In her private remarks, Pelosi urged her members not to publicly disparage Biden himself as he and Hill leaders worked to unify the caucus behind his two major priorities.
“You can be angry at me, but don’t be angry at the president. The president’s trying to do his best, he’s negotiating,” Rep. Henry Cuellar (D-Texas) recalled the speaker telling members. “I thought it was very big of her. That’s the sign of a leader.”
The California Democrat’s remarks comes amid her caucus’s increasing frustration with Biden, as they feel the president is spinning his wheels in an attempt to win consensus from Sens. Joe Manchin (D-W.Va.) and Kyrsten Sinema (D-Ariz.). The president led high-profile White House meetings with both Tuesday that ended without an accord. Sinema was expected to meet with White House staff again Wednesday.
The speaker told reporters she wanted legislative text of the social spending plan before the infrastructure bill came to a vote so she could continue to move them “simultaneously.”
“I think that if we come to a place where we have agreement in legislative language, not just principle, and legislative language that the President supports … because that’s what we are supporting, then I think we will come together,” Pelosi told reporters.
But Pelosi’s hands are effectively tied by Manchin and Sinema, who continue to resist efforts by Democratic leaders and progressives to commit to a legislative framework or total cost target for their spending bill.
Liberal leaders, including Congressional Progressive Caucus Chair Pramila Jayapal (D-Wash.), have vowed to vote against the infrastructure bill Thursday unless Manchin and Sinema make public commitments on the broader social spending bill.
But so far those hopes have yet to be realized, with Manchin dismissing Pelosi’s request for legislative text during a scrum with reporters Wednesday morning.
“That won’t happen. …We haven’t talked about figures at all,” Manchin told reporters.
“All we need to do is pass the bipartisan infrastructure bill, sit down and start negotiating in good faith, that’s it,” he added.
Several key progressive Democrats are upping their calls for Pelosi and her leadership to delay Thursday’s vote, including Sen. Bernie Sanders (I-Vt.).
“I don’t think there’s anything God-given about tomorrow,” Sanders told reporters Wednesday. “Let’s be clear, this is one of the most significant pieces of legislation in the modern history of America. If it passes on a Tuesday and not a Monday, or Thursday and not a Friday, it doesn’t matter. What matters is that it’s done and done well.”
But the most urgent threat for Democrats is the Thursday deadline to avert a government shutdown, as well as the looming debt crisis.

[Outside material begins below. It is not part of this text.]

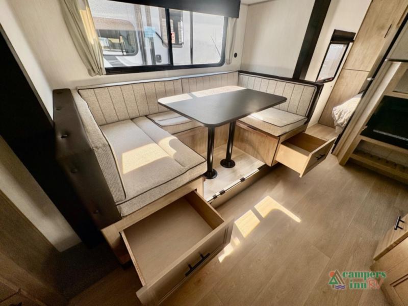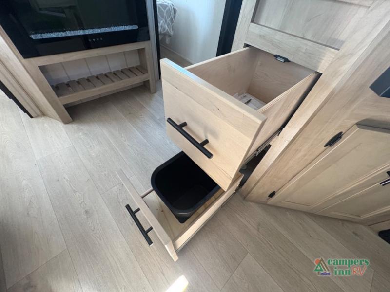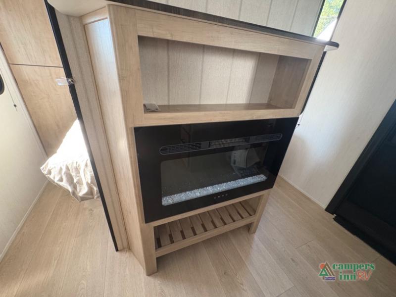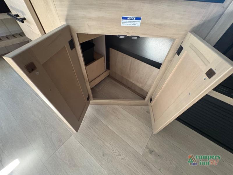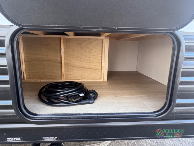 You will love the space provided in this dual entry Cherokee Grey Wolf travel trailer that has double-size bunks! The rear entry door leads right into the full bath allowing easy access from outside when you need to use the bathroom while you're enjoying the great outdoors. The large U-shaped dinette slide will not only seat everyone comfortably for a meal or a game, but since it also slides out, it opens up the interior even more to give you plenty of space for foot traffic. For all of your outdoor gear, you will find the outside storage compartments handy for stowing away your things when not in use. While the kids enjoy their bunk beds, you will enjoy a good night's rest in your RV king bed with wardrobes on either side up in the front private bedroom!

The Senate is expected to take action on a government funding measure Wednesday that does not include the debt limit, which was ditched to garner necessary Republican support.
The House, meanwhile, could vote as soon as Wednesday on a measure to lift the debt limit, after Pelosi and her leadership team secured the votes of a handful of moderates who were balking at the maneuver.
The speaker promised those centrists a vote in the near future on a bill from Rice, which would establish a “fiscal state of the nation” report. Sinema authored a companion bill in the Senate.
In exchange, the centrists will back any future vote needed to raise the debt limit — including potentially attaching it to the party’s broader social spending package. The purpose of the dispute, those Democrats privately said, was to remind their colleagues of the political ramifications of the issue back home, and to force a discussion within the party.
Party leaders have refused to reveal a backup plan to hike the nation’s borrowing limit, though Senate Republicans continue to block efforts to do so on the floor. Even so, it is the one area that top Democrats have projected the most confidence in their ability to resolve the hangups.
“I think we’re going to get there,” House Majority Leader Steny Hoyer told reporters.
However, he and Pelosi were less bullish on the infrastructure package’s Thursday vote.
“Well, we take it one step at a time,” Pelosi told reporters.